Leverage the abilities of process mining to derive actual processes, pain points, and opportunities for improvements based on the system logs. Only then should the SME’s be interviewed as we’ve already captured most of the process details and can ask specific questions to further build out non-system activities and why activities are done in a particular manner. Beyond reducing the burden on SMEs, this approach also ensures that we have a 100% documented process from the system perspective – we are not relying on SMEs to remember everything done in a system.
We then leverage Six Sigma mindsets and tools to then drive the adoption of these changes to the process and systems impacted. The biggest difference is instead of following a DMAIC approach, which is a waterfall-based sequential process, we follow a more agile workflow. Since we have already connected to the source systems and modeled the process, we are able to start in the middle at “Measure” and then cycle through Define, Measure and Analyze phases until we are confident in the updates to the process.

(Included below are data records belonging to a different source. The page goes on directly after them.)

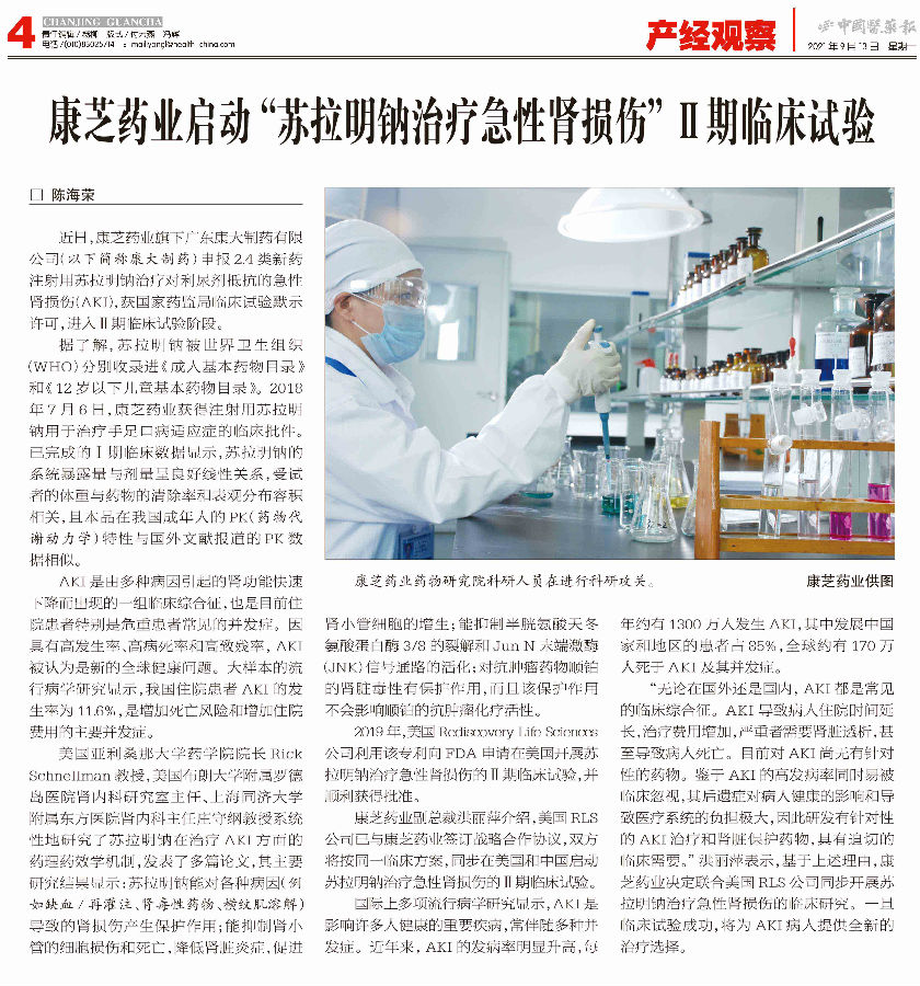 “無論在國外還是在國內(nèi),急性腎損傷都是常見的臨床綜合征。其導(dǎo)致病人住院時(shí)間延長,治療費(fèi)用增加,嚴(yán)重者需要腎臟透析,甚至導(dǎo)致病人死亡。目前對(duì)急性腎損傷尚未有針對(duì)性的藥物。鑒于AKI的高發(fā)病率和容易被臨床忽視,其后遺癥對(duì)病人健康的影響和導(dǎo)致醫(yī)療系統(tǒng)的負(fù)擔(dān)極大,因此研發(fā)針對(duì)性的AKI治療和腎臟保護(hù)藥物,具有迫切的臨床需要?!焙辂惼急硎?,“基于上述理由,康芝藥業(yè)決定自行立項(xiàng),聯(lián)合美國Rediscovery Life Sciences公司,同步開展蘇拉明鈉治療急性腎損傷的臨床研究。而一旦臨床試驗(yàn)成功,將能為AKI病人提供全新的治療選擇。”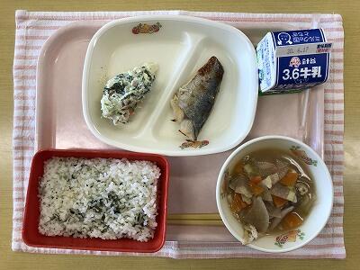 わかめごはん、牛乳、さわらの西京焼き、ポテトほうれん草サラダ、せんべい汁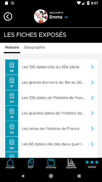 - Présentations: plus de 500 feuilles sur l'histoire et la géographie, idéales pour les révisions Brevet / BAC.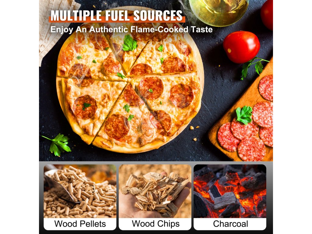 Táto 12-palcová pec na pelety je veľmi všestranná a ako palivo podporuje drevené pelety, drevnú štiepku alebo drevené uhlie. Vyberte si drevo pre autentickú chuť alebo drevené uhlie pre pomalé varenie. Jej veľký zásobník na palivo s hmotnosťou 480 gramov minimalizuje dopĺňanie paliva, čo umožňuje dlhšie a neprerušované varenie. Vďaka tejto flexibilite je ideálny na kempovanie alebo stretnutia na dvore, pretože vám zaručí, že vždy budete mať k dispozícii palivo podľa svojich potrieb.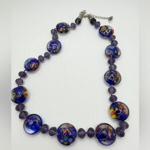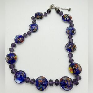 ~21" hand knotted w/ silver tone hardware, Murano and faceted glass necklace!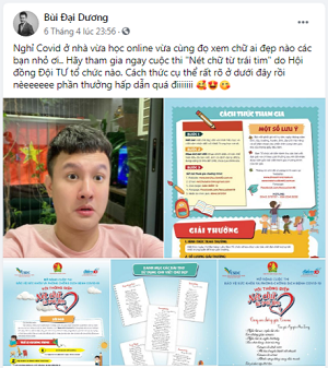 Hưởng ứng chương trình “Nét chữ từ trái tim”, MC Đại Dương vô cùng phấn khích: “Nghỉ Covid ở nhà vừa học online vừa cùng đọ xem chữ ai đẹp nào các bạn nhỏ ơi… Hãy tham gia cuộc thi “Nét chữ từ trái tim” do Hội đồng Đội Trung ương tổ chức nào. Cách thức cụ thể rất rõ ở dưới đây rồi nè. Phần thưởng hấp dẫn quá đi!!!”.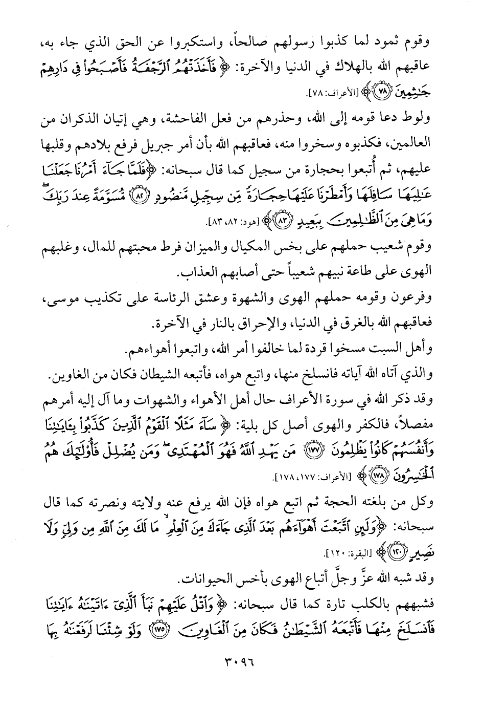 وقد ذكر الله في سورة الأعراف حال أهل الأهواء والشهوات وما آل إليه أمرهم مفصلاً، فالكفر والهوى أصل كل بلية: {سَاءَ مَثَلًا الْقَوْمُ الَّذِينَ كَذَّبُوا بِآيَاتِنَا وَأَنْفُسَهُمْ كَانُوا يَظْلِمُونَ (177) مَنْ يَهْدِ اللَّهُ فَهُوَ الْمُهْتَدِي وَمَنْ يُضْلِلْ فَأُولَئِكَ هُمُ الْخَاسِرُونَ (178)} ... [الأعراف: 177، 178].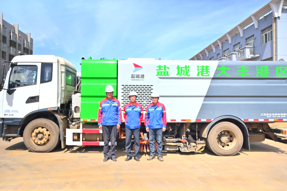 Hi!大家好。我是來自鹽城港港口公司的一臺環保洗掃車,別看我和普通環保車的外觀差不多,我的工作任務可和它們不一樣,我每天要對鹽城港大豐港區道路進行洗掃作業和防塵抑塵。我是清潔工作中的好幫手,每天都讓港區恢復煥然一新。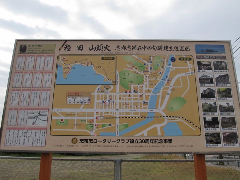 駅前に立つ、種田山頭火の句碑建立位置図。
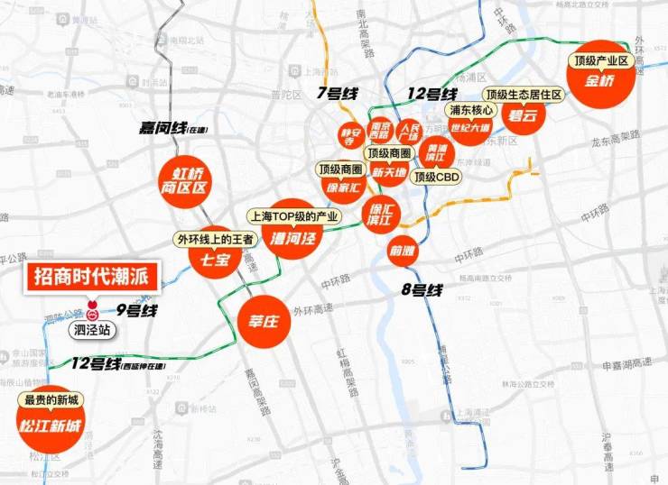 首先,这条轨交汇聚了上海东西最重要的两大产业:漕河泾&金桥 。沿线还有徐家汇、新天地等顶级CBD。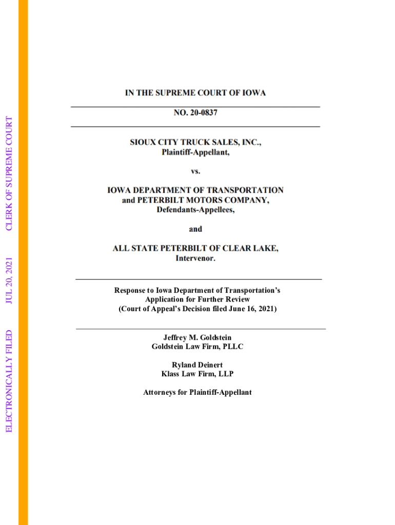 ELECTRONICALLY FILEDResponse to Iowa Department of Transportations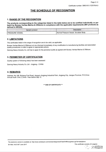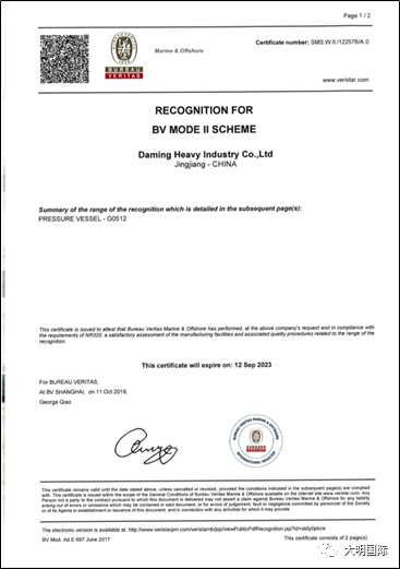 经过审核专家对大明重工的压力容器制造过程以及相关程序进行严格的审核,2019年11月2日,大明重工根据NR320标准的要求取得了BV船级社签发的压力容器工厂认可证书(常压、洗涤塔)。该资质的取得进一步丰富了大明重工的产品体系和范围,大明重工将能够生产制造海上常用类船用压力容器产品,进一步提高了竞争力和行业地位,为拓展业务打下坚实的基础,对企业未来的生产经营也将产生积极影响。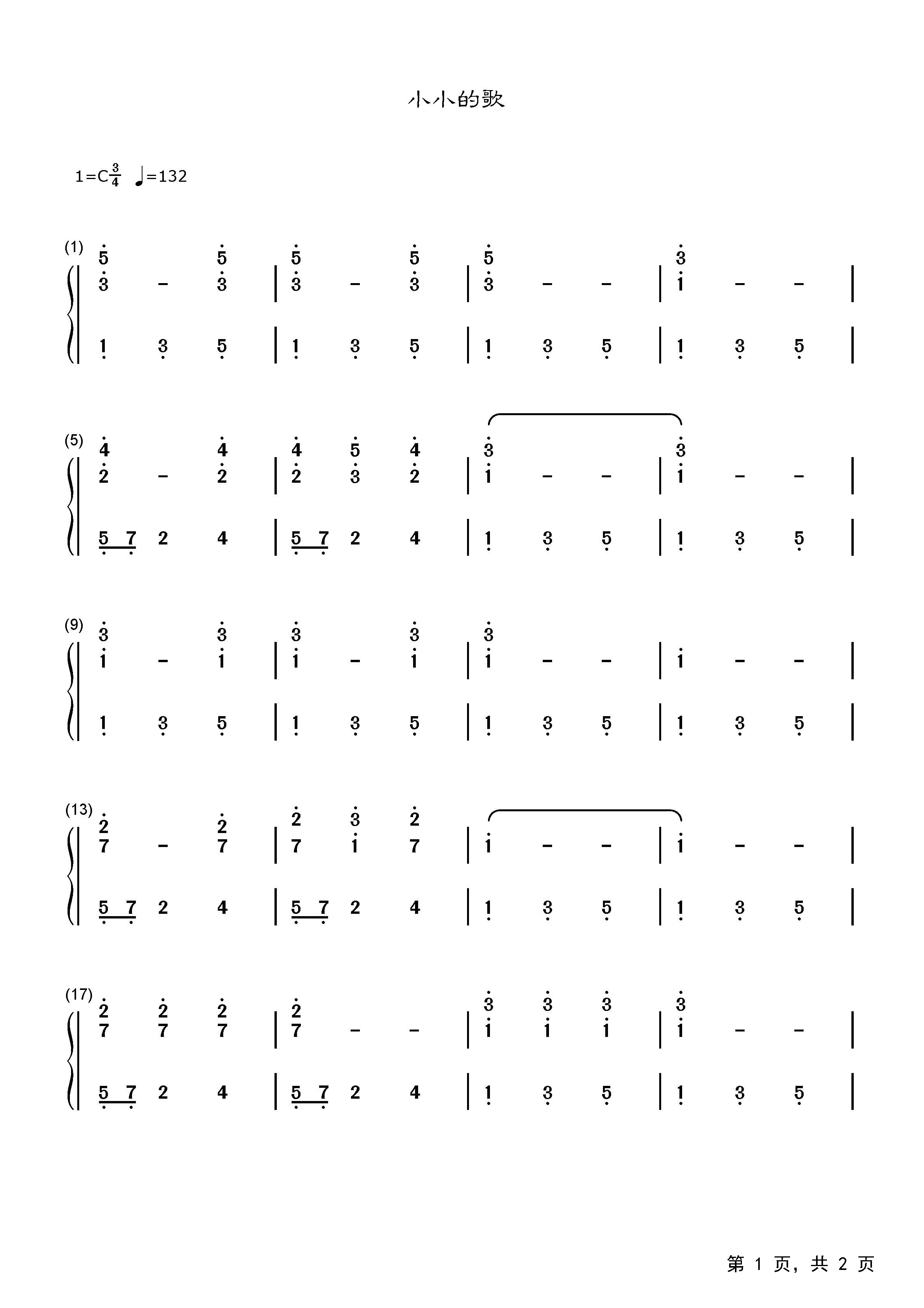 《小小的歌》是奥地利作曲家、钢琴家、音乐教育家卡尔·车尔尼的曲子。卡尔·车尔尼是贝多芬最得意的学生,贝多芬曾在1801年--1803年的三年间免费教他弹奏钢琴。他对于贝多芬的作品积极宣传,并在他的作品500号《钢琴理论及演奏大全》的第四册的第二、三章中论述如何正确演奏贝多芬的作品。他能够背奏贝多芬的全部钢琴作品。车尔尼作为一名钢琴教育家,培养了弗兰兹·李斯特这样的学生。他也免费教李斯特弹琴,李斯特也说:“我的一切都是车尔尼教我的。”作为一名钢琴作曲家,他一生写了无数钢琴练习曲,是学习钢琴的学生练习的基础教材。他的地位在于在贝多芬时代和现代钢琴演奏架起了一座桥梁。

In practice, this is very similar to DMAIC in traditional six sigma, as the Define phase is where we are creating a hypothesis and then working to confirm that hypothesis with data. In process mining first, we already have all the data – so instead of confirming the impacts, we are now working back to confirm the business reasons for these activities to occur. This cyclical approach ensures that we understand the entire process and can drive improvements in the most effective manner.
Once these updates have been made to the processor system, as a closeout we want to ensure we are realizing those benefits and have improved the process as expected. However, in traditional six sigma we would need to do another time study which is a short duration review of the process. With process mining, we can automatically create our control charts and alerts when we deviate from the process and then further refine this future state process. Instead of having an improvement project, we are moving to an improvement program where we continually monitor and improve the process.
All things being equal, a company that is more efficient is going to be more profitable and ultimately long-term successful. In addition to the efficiency gains, companies that follow this approach will have a much better understanding of their current processes and be able to adapt more quickly to changing market conditions. In the past few years, we’ve seen how SARS, Covid-19, China trade disputes all have dramatically reshaped supply lines and those that can transform quickest will have a competitive advantage.